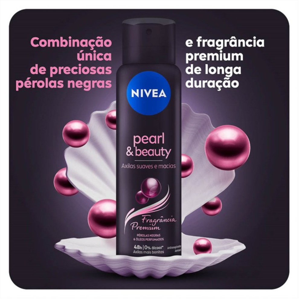 O NIVEA Black Pearl & Beauty Aerossol 150ml é um antitranspirante premium desenvolvido para oferecer proteção prolongada, fragrância sofisticada e cuidado avançado para as axilas. Sua fórmula combina extrato de pérolas negras e óleos perfumados, proporcionando hidratação suave, maciez e um aroma elegante que dura o dia todo.
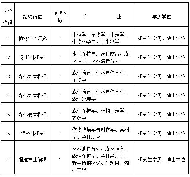 ●福建省林业科学研究院招聘博士学位专业技术人员7名
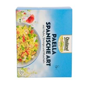 52% Reis* gegart (Wasser, Reis*, Speisesalz, Kurkuma*), Erbsen*, 7% Hühnerfleisch* gegart, Gemüsepaprika*, BUTTER*, 5% SHRIMPS** (SHRIMPS**, Speisesalz), 3,5% MUSCHELN** gegart, Zwiebeln*, Champignons*, Tomaten*, Meersalz, Roh-Rohrzucker*, Gewürze* (Knoblauch*, Pfeffer*, Chili*, Kurkuma*), Reismehl*, Kräuter* (Oregano*, Thymian*, Basilikum*), Gemüsepulver* (Zwiebeln*, Pastinaken*, Karotten*), Olivenöl*.| Energie | Fett | gesättigte Fettsäuren | Kohlenhydrate | Zucker | Ballaststoffe | Eiweiss | Salz |
···
(ABOUT THIS EXERCISE):
Your response must consist of the material above, reproduced word for word, with the images omitted.

(RESULT OF THE TASK):
 O NIVEA Black Pearl & Beauty Aerossol 150ml é um antitranspirante premium desenvolvido para oferecer proteção prolongada, fragrância sofisticada e cuidado avançado para as axilas. Sua fórmula combina extrato de pérolas negras e óleos perfumados, proporcionando hidratação suave, maciez e um aroma elegante que dura o dia todo.
 ●福建省林业科学研究院招聘博士学位专业技术人员7名
 52% Reis* gegart (Wasser, Reis*, Speisesalz, Kurkuma*), Erbsen*, 7% Hühnerfleisch* gegart, Gemüsepaprika*, BUTTER*, 5% SHRIMPS** (SHRIMPS**, Speisesalz), 3,5% MUSCHELN** gegart, Zwiebeln*, Champignons*, Tomaten*, Meersalz, Roh-Rohrzucker*, Gewürze* (Knoblauch*, Pfeffer*, Chili*, Kurkuma*), Reismehl*, Kräuter* (Oregano*, Thymian*, Basilikum*), Gemüsepulver* (Zwiebeln*, Pastinaken*, Karotten*), Olivenöl*.| Energie | Fett | gesättigte Fettsäuren | Kohlenhydrate | Zucker | Ballaststoffe | Eiweiss | Salz |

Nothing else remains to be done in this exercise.